Some miners combine their resources and work together in a mining pool to boost their chances of obtaining a reward. But whether you mine independently or in a pool, these days it is doubtful that you will get wealthy from bitcoin mining. In fact, miners might end up paying more for the electricity that runs their computers than they do for the rewards they receive from mining. The majority of people will do their best purchasing bitcoin on their preferred cryptocurrency exchange.
Bitcoin Security and Safety
It's crucial to adhere to recommended internet security precautions if you decide to acquire bitcoin. On all financial websites, including bitcoin exchanges, banks, brokerages, credit card firms, and other lenders, this means employing a distinctive, challenging-to-guess password.
The exchange is unlikely to cover your losses if your cryptocurrency account is compromised because cryptocurrency is not FDIC-insured. You might wish to completely avoid cryptocurrencies if you lack confidence in using strong passwords and keeping your online account safe.
Knowing Additional Cryptocurrencies Besides Bitcoin
Naturally, Bitcoin isn't the only cryptocurrency that has garnered media attention in recent years. Just a handful of the more than 10,000 cryptocurrencies available today include Ethereum, Dogecoin, Shiba Inu, Stellar Lumens, Avalanche, Cardano, and Solana.
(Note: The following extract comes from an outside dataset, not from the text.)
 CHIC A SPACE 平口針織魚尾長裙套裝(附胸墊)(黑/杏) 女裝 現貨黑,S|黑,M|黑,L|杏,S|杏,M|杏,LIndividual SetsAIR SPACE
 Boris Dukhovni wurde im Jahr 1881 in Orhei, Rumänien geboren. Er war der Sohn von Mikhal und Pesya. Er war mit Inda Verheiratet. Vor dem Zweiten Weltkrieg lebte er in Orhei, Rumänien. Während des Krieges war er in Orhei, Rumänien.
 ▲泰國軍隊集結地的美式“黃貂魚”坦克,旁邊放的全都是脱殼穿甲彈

It's crucial to remember that Bitcoin and Ethereum are likely the most secure and reliable cryptocurrency projects available right now. Even greater risk and volatility are present in investments made outside of these key currencies.
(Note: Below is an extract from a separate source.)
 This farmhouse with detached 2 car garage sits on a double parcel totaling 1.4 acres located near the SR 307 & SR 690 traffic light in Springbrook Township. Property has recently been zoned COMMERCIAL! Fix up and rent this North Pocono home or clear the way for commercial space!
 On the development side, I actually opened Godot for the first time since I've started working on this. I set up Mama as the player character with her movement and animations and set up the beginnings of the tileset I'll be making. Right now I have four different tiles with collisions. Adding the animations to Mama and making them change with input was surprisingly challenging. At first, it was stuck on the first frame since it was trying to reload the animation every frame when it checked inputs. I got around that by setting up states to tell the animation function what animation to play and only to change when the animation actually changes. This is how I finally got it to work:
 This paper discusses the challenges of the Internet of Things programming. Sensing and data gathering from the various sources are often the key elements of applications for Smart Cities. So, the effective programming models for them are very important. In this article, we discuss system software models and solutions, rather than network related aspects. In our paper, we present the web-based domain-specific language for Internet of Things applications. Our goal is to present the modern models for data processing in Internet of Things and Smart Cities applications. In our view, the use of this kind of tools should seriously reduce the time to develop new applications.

Visit sites like CoinMarketCap and CoinGecko to find out more about other popular cryptocurrencies.
How to Assess Your Suitability for Bitcoin
The benefits and downsides of bitcoin are numerous. While it's exciting to imagine what may occur if you made an investment that increased tenfold or more, it's equally crucial to keep in mind the possibility of suffering substantial losses.
Diversification is a key idea that shrewd investors should follow. That can include expanding your portfolio to include Bitcoin and other cryptocurrencies. Before making a bigger, riskier investment, investing your first $100 in Bitcoin may be a good way to dip your toe into the cryptocurrency world if you've done your research, understand how it works, and still believe it makes sense for you.